830	.SH START CONDITIONS
831	.I flex
832	provides a mechanism for conditionally activating rules. Any rule
833	whose pattern is prefixed with "<sc>" will only be active when
834	the scanner is in the start condition named "sc". For example,
835	.nf
836
837	<STRING>[^"]* { /* eat up the string body ... */
838	...
839	}
840
841	.fi
842	will be active only when the scanner is in the "STRING" start
843	condition, and
844	.nf
845
846	<INITIAL,STRING,QUOTE>\\. { /* handle an escape ... */
847	...
848	}
849
850	.fi
851	will be active only when the current start condition is
852	either "INITIAL", "STRING", or "QUOTE".
853	.LP
854	Start conditions
855	are declared in the definitions (first) section of the input
856	using unindented lines beginning with either
857	.B %s
858	or
859	.B %x
860	followed by a list of names.
861	The former declares
862	.I inclusive
863	start conditions, the latter
864	.I exclusive
865	start conditions. A start condition is activated using the
866	.B BEGIN
867	action. Until the next
868	.B BEGIN
869	action is executed, rules with the given start
870	condition will be active and
871	rules with other start conditions will be inactive.
872	If the start condition is
873	.I inclusive,
874	then rules with no start conditions at all will also be active.
875	If it is
876	.I exclusive,
877	then
878	.I only
879	rules qualified with the start condition will be active.
880	A set of rules contingent on the same exclusive start condition
881	describe a scanner which is independent of any of the other rules in the
882	.I flex
883	input. Because of this,
884	exclusive start conditions make it easy to specify "mini-scanners"
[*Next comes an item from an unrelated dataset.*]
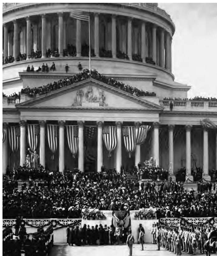
The inauguration of President Theodore Roosevelt on March 4, 1905.

Barack Obama is the 44th president of the United States. He won the presidential election of 2008 and became the first African American president of the United States. As president, he is the head of the executive branch. As commander in chief, he is also in charge of the military. Obama was born in Hawaii on August 4, 1961. He graduated from Columbia University in New York. Obama also studied law and graduated from Harvard University in Massachusetts. He served as a U.S. senator for the state of Illinois before being elected president. President Obama's wife, called "the First Lady," is Michelle Obama.

885	which scan portions of the input that are syntactically different
886	from the rest (e.g., comments).
887	.LP
888	If the distinction between inclusive and exclusive start conditions
889	is still a little vague, here's a simple example illustrating the
890	connection between the two. The set of rules:
891	.nf
892
893	%s example
894	%%
895	<example>foo /* do something */
896
897	.fi
898	is equivalent to
899	.nf
900
901	%x example
902	%%
903	<INITIAL,example>foo /* do something */
904
905	.fi
906	.LP
907	The default rule (to
908	.B ECHO
909	any unmatched character) remains active in start conditions.
910	.LP
911	.B BEGIN(0)
912	returns to the original state where only the rules with
913	no start conditions are active. This state can also be
914	referred to as the start-condition "INITIAL", so
915	.B BEGIN(INITIAL)
916	is equivalent to
917	.B BEGIN(0).
918	(The parentheses around the start condition name are not required but
919	are considered good style.)
920	.LP
921	.B BEGIN
922	actions can also be given as indented code at the beginning
923	of the rules section. For example, the following will cause
924	the scanner to enter the "SPECIAL" start condition whenever
925	.I yylex()
926	is called and the global variable
927	.I enter_special
928	is true:
929	.nf
930
931	int enter_special;
932
933	%x SPECIAL
934	%%
935	if ( enter_special )
936	BEGIN(SPECIAL);
937
938	<SPECIAL>blahblahblah
939	...more rules follow...
940
941	.fi
942	.LP
943	To illustrate the uses of start conditions,
944	here is a scanner which provides two different interpretations
945	of a string like "123.456". By default it will treat it as
946	as three tokens, the integer "123", a dot ('.'), and the integer "456".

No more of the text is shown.